Termin: ab Juni 2010


Die Juroren haben entschieden. Künstlerinnen und Künstler aus ganz Deutschland, aus den Niederlanden und Belgien, aus Österreich und der Schweiz waren in den vergangenen Wochen dem Aufruf des Kulturbüros der Stadt Kevelaer gefolgt und hatten sich mit insgesamt 174 Kunstwerken um eine Teilnahme an der „Sculptura VI" in Kevelaer beworben. 20 von ihnen wurden nun im Konzert- und Bühnenhaus von der
14-köpfigen Jury für eine Teilnahme an der Ausstellung zeitgenössischer Kunst im öffentlichen Raum der Marienstadt ausgewählt.

Die Mitglieder der Jury wählten im Konzert- und Bühnenhaus 20 Exponate für die „Sculptura VI“ aus, die ab Juni 2010 in der Kevelaerer Innenstadt zu sehen sein wird.
Die Mitglieder der Jury wählten im Konzert- und Bühnenhaus 20 Exponate für die „Sculptura VI" aus, die ab Juni 2010 in der Kevelaerer Innenstadt zu sehen sein wird.


Prägt das Bild unserer Stadt
„Die ‚Sculptura' prägt seit vielen Jahren das Bild unserer Stadt und ist aus dem Kevelaerer Veranstaltungskalender nicht mehr wegzudenken.
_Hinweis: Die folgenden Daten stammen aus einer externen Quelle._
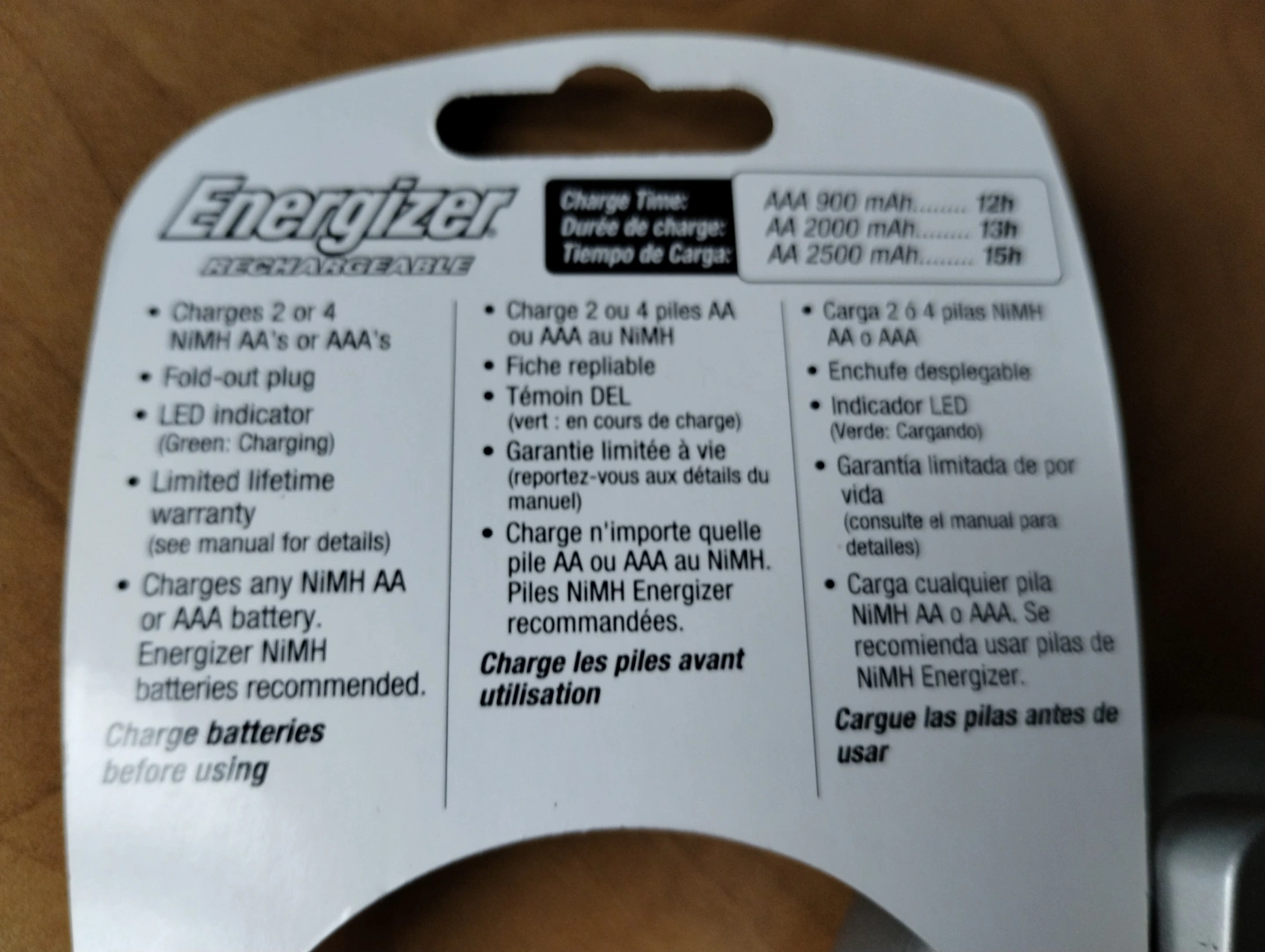 Four-slot charger for AA or AAA batteries. Fold-out plug. LED indicator light. Limited lifetime warranty. Charges Energizer or NiMH batteries. Charge time varies depending on battery type.
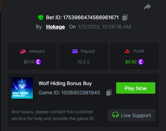 Wolf hiding bonus buy - 10.2x https://bc.game/#/sd/110KXOX7CL1MVN Elven Princesses - 11.70x https://bc.game/#/sd/110LA5MRKX14IB Mega Greatest Catch - 23.50x https://bc.game/#/sd/110LB7H0LYQ2OJ Cycle Of Luck - 52.00x https://bc.game/#/sd/110LBPDRA9NOR7 Collapsed Castle - 21.40x https://bc.game/#/sd/110LC5HXA2L05V -

Es freut mich sehr, dass der Rat der Stadt Kevelaer auch in diesen wirtschaftlich schwierigen Zeiten die Mittel für die nunmehr sechste ‚Sculptura' bereitgestellt hat", begrüßte Kevelaers Bürgermeister Dr. Axel Stibi die Mitglieder der Jury im Konzert- und Bühnenhaus der Stadt Kevelaer, der auch Peter Maschke und Manfred Mangold vom Bundesverband Bildender Künstler Niederrhein - BBK - angehörten. „Einige Arbeiten passen besonders gut zum Niederrhein und zum Ausstellungsort Kevelaer", betonte BBK-Vorstandsmitglied Maschke beim gemeinsamen Rundgang durch die Fotoausstellung der eingereichten Exponate.
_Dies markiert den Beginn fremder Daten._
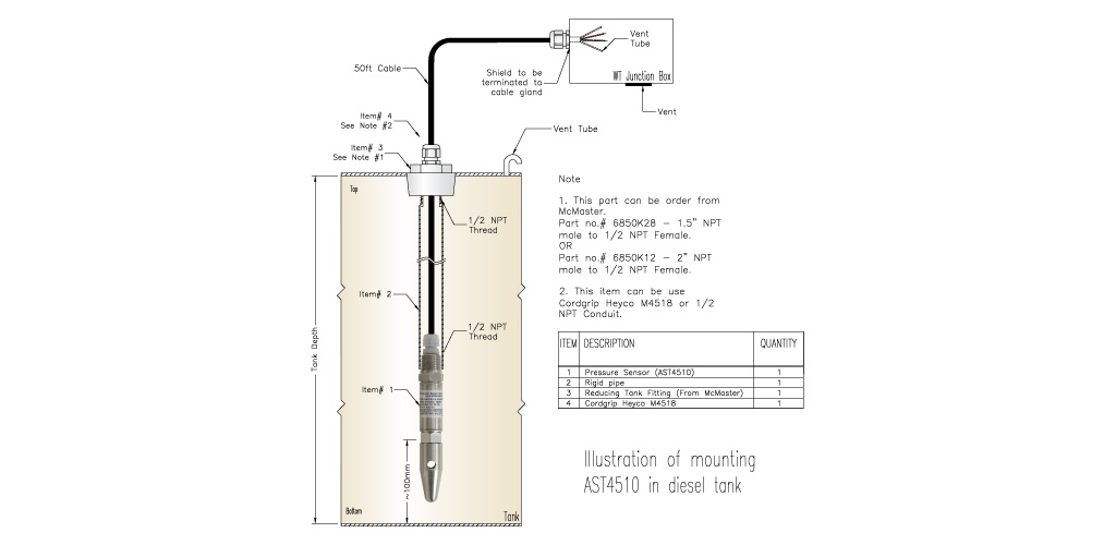 在考慮如何安裝投入式壓力傳感器時,需要考慮多種不同的因素。下面的圖示顯示了在儲罐內(nèi)使用剛性管安裝 AST4510 投入式壓力傳感器的一種方法。AST4510 在電纜連接基板提供了標準的 1/2" NPT 公端導管連接。如果儲罐內(nèi)因采用入口/加注管或使用攪拌器而使液體涌動,可以為傳感器的電纜安裝剛性塑料或金屬導管,以防傳感器在儲罐內(nèi)移動。在船運、鐵路運輸?shù)纫苿討弥校蛘咝枰诓煌攸c之間運輸儲罐時(例如施工場地使用的燃油儲罐、用于工業(yè)處理的化學品容器或井場注入化學品),這種形式最為常見。
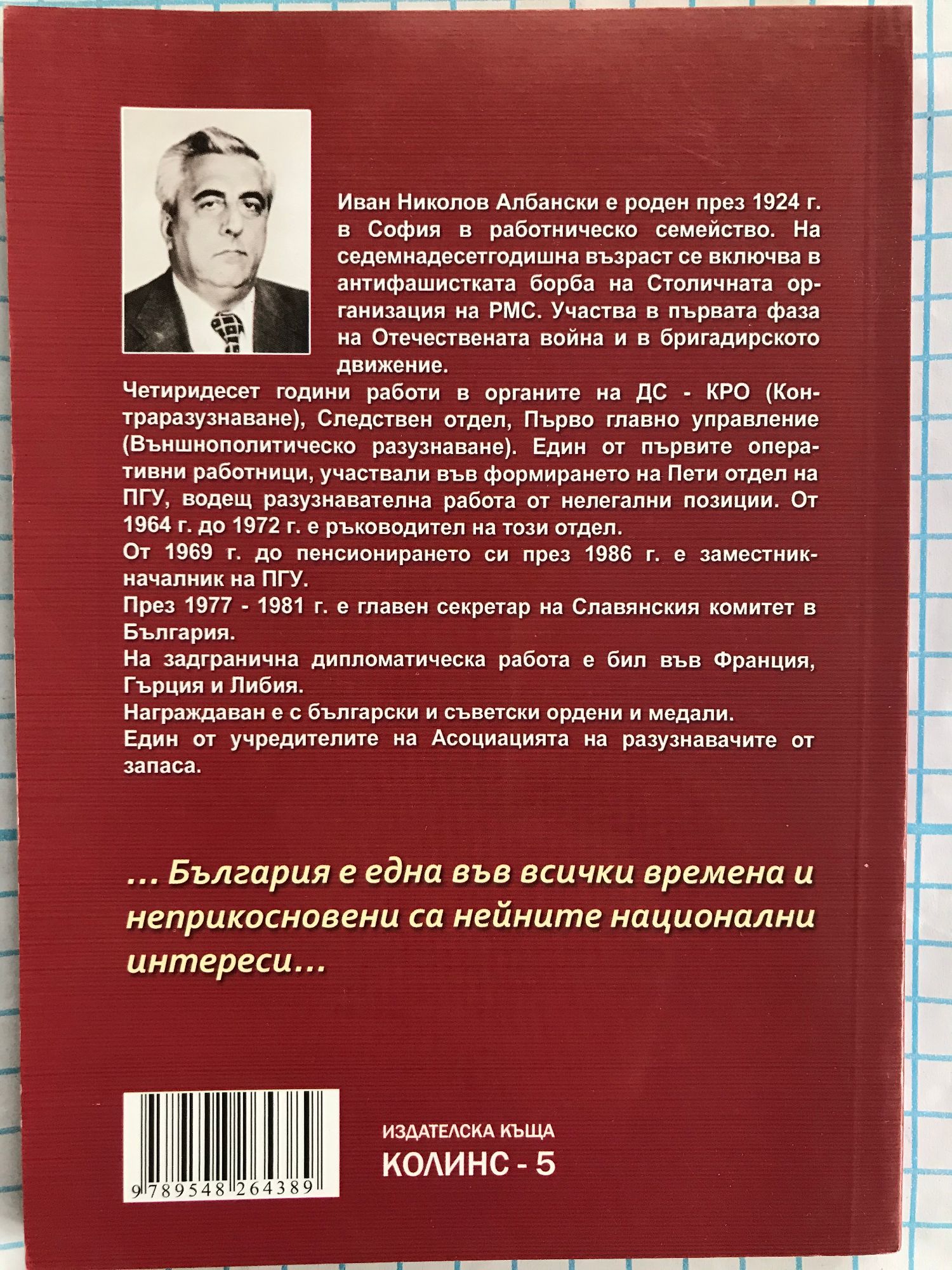 Иван Николов Албански е роден през 1924 г. в София в работническо семейство. На 17 годишна възраст се включва в антифашистката борба. Участва в първата фаза на Отечествената война и в бригадирското движение. Четиридесет години работи в органите на ДС - контраразузнаване, Следствен отдел, Първо главно управление. Един от първите оперативни работници, участвали във формирането на Пети отдел на ПГУ, водещ разузнавателна работа от нелегални позициии. От 1964 г. до 1972 г.е ръководител на този отдел. От 1969 г. до пенсионирането си е заместник-началник на ПГУ. През 1977-1981 г. е главен секретар на Славянския комитет в България. На задгранична дипломатическа работа е бил във Франция, Гърция и Либия. Награждаван е с български и съветски ордени и медали. Един от учредителите на Асоциацията на разузнавачите от запаса.
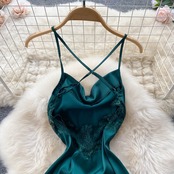 サテンレーススプリット中空サスペンダー不規則なドレス女性フレンチレトロバックレスレディースセクシーなロングドレストレンド lyxaj4744648433
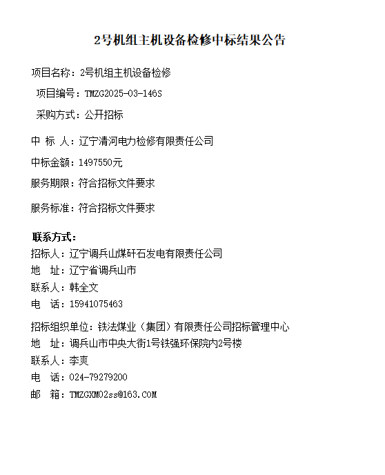 辽宁调兵山煤矸石发电有限责任公司2号机组主机设备检修中标结果公告
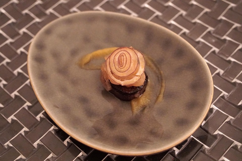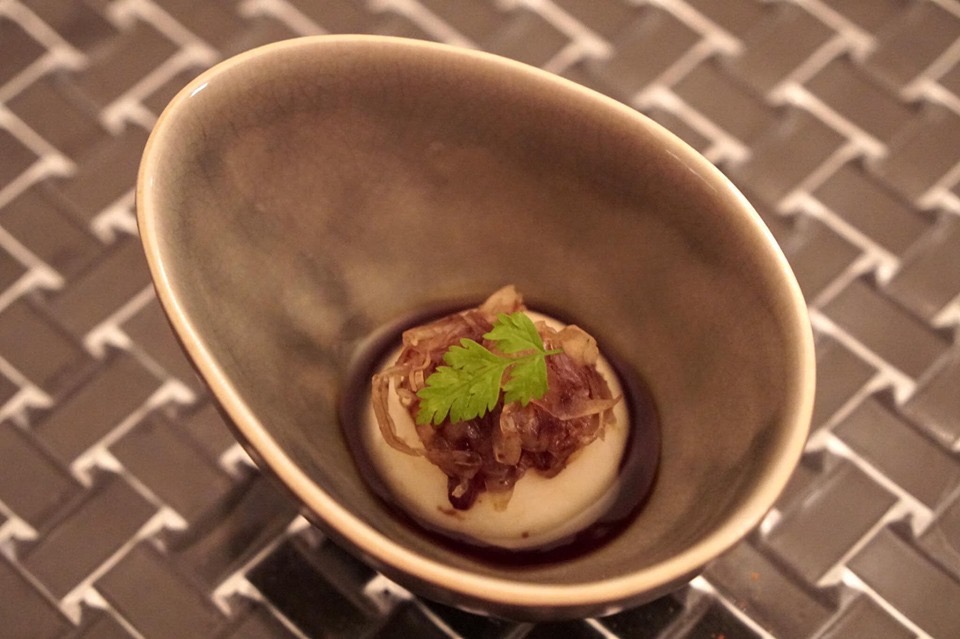 พานาคอตต้าขนาดจิ๋ว ทำจากกะหล่ำดอก ทอปด้วยซาวเคร้าท์ สมุนไพรสเปรี้ยว เรียกน้ำย่อยให้กับเราก่อนเริ่มทานอาหารจานหลักได้ดี (13/20)

Ab Juni 2010 werden die ausgewählten Objekte für insgesamt 18 Monate im Herzen der Wallfahrtsstadt Akzente setzen und Einwohnern wie Gästen einen Rundgang zu zeitgenössischer Kunst ermöglichen. Drei Kunstwerke werden in „14 Tagen vor Ort" unweit des Rathauses entstehen. Mit dabei sind hier Wolf Bröll aus Northeim, Christoph Roßner aus Schlema und Moniek Nooren aus dem niederländischen Doorwerth, die vom 25. Mai bis zum 07. Juni in Kevelaer leben und arbeiten werden. Zum Zuschauen für jedermann.
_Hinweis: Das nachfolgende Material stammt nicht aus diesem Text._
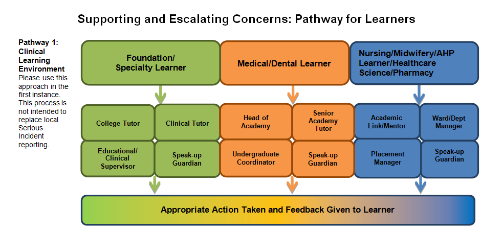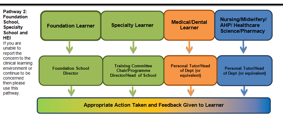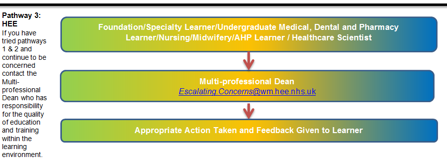 Health Education England West Midlands (HEE WM) believes that it is important that Healthcare Learners are able to raise and where appropriate escalate concerns. The below chart highlights the ways in which you can do this. You are encouraged to follow the appropriate pathway, starting with reporting the concern within your clinical learning environment in the first instance.
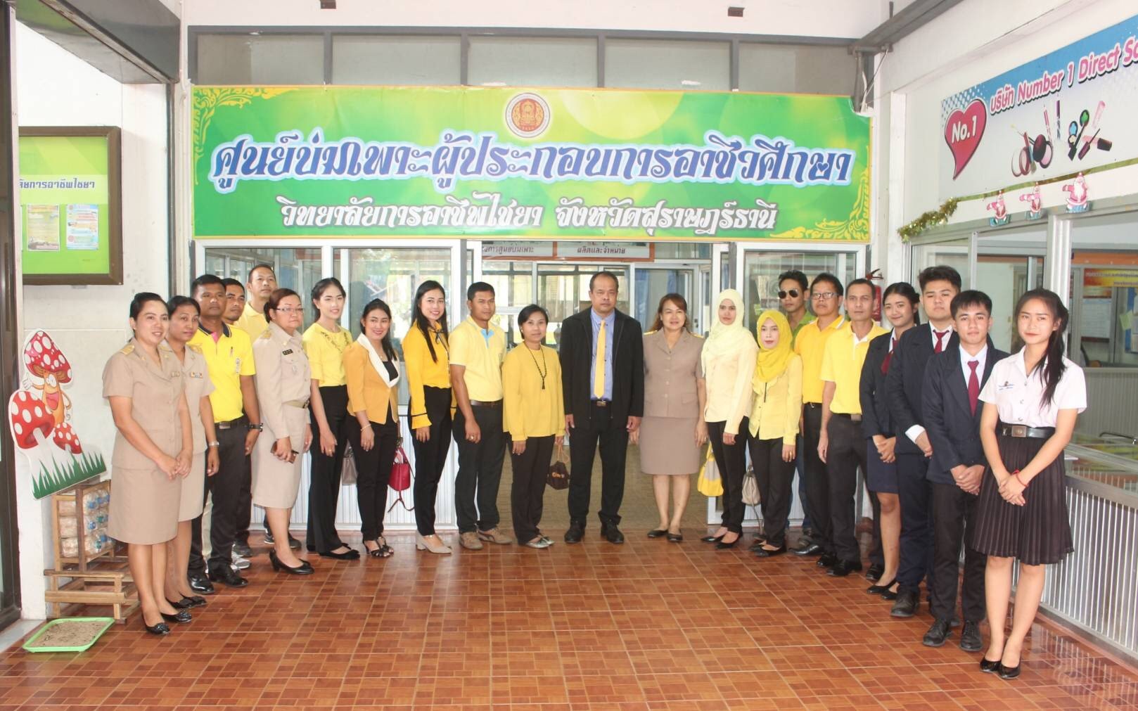 008วันจันทร์ที่ 6 สิงหาคม 2561 โดยนายอิทธิฤทธิ์  ศรีชุมภู รองผู้อำนวยการการวิทยาลัยสารพัดช่างยะลา นำคณะครูและบุคลากร ศึกษาดูงานสถานศึกษาเศรษฐกิจพอเพียง ณ วิทยาลัยการอาชีพไชยา จ.สุราษฎร์ธานี
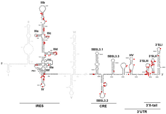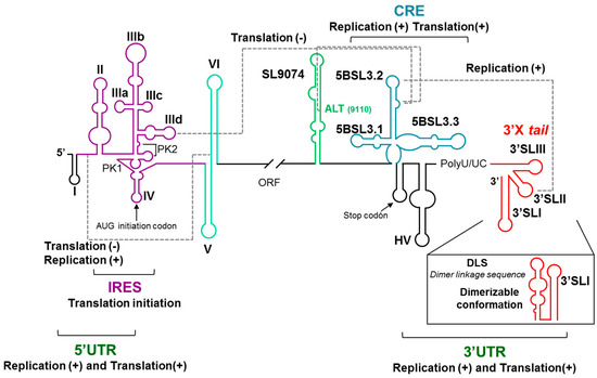 All together, these results probe the existence of a network of long-range RNA–RNA interactions. This network involves essential structural genomic RNA domains of at least the IRES, CRE, and the genomic 3′ UTR X-tail region and governs the regulation of the essential viral processes (reviewed in References [27,43]; Figure 2), in which the CRE 5BSL3.2 domain seems to be the conductor of the orchestra directing the regulatory interactions of all other structural elements.
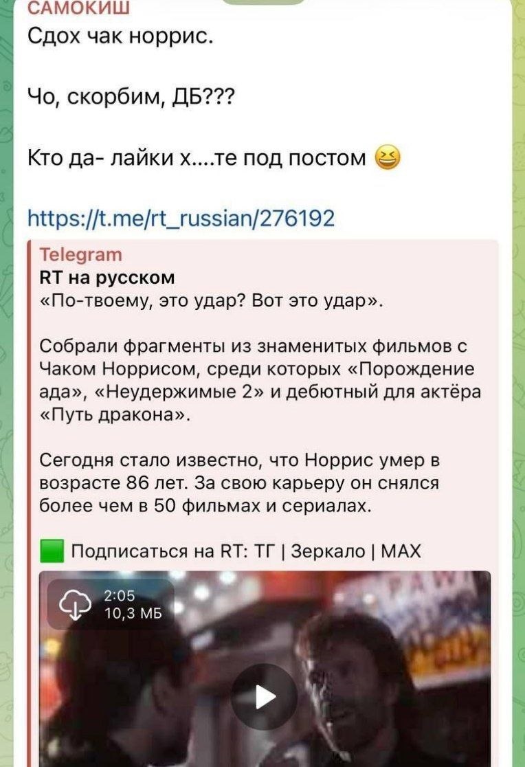 Накануне появилась информация о смерти актера — легенде боевиков было 86 лет. В тот же вечер, по данным пользователей, в телеграм-канале депутата появился пост с формулировкой «Сдох чак норрис» (орфография автора сохранена). В комментариях также звучали резкие высказывания.

Materialien liefern überzeugendes Spannungsfeld
„Die Standorte der 20 Exponate werden wir in den kommenden Wochen mit den Künstlern abstimmen", signalisierte Wirtschaftsförderin Ruth Keuken den Juroren zum Auftakt der Jurysitzung. Besondere Freude herrschte bei den Juroren darüber, dass neben den vielen auch über die Landesgrenzen hinweg interessierten Bewerbern auch solche dabei waren, die aus der Niederrhein-Region stammen oder der „Stadt der Kunst und des Kunsthandwerks" schon seit Jahren verbunden sind. Sozusagen „aus der Nachbarschaft" sind die aus Goch stammenden Künstler Günther Hülswitt und Heinz Daniels. Sie wurden ebenso für eine Teilnahme ausgewählt wie die Kevelaer-Freunde Peter Nettesheim aus Köln, Walter Peter aus Ottersberg, Heinz Schäpers aus Gelsenkirchen, Klaus Großkopf aus Strachau/Elbe und Christoph Roßner aus Schlema. Ebenso facettenreich wie die Heimatorte der teilnehmenden Künstler sind die Materialien der 20 Objekte der „Sculptura VI". Neben Eiche, Robinienholz, Pappel und Kiefer liefern Marmor, Granit, Blei, Stahl, Bronze, Polyester und Glas ein überzeugendes Spannungsfeld für die Betrachter, die sich auf die sommerliche Open-Air-Galerie in Kevelaer freuen dürfen.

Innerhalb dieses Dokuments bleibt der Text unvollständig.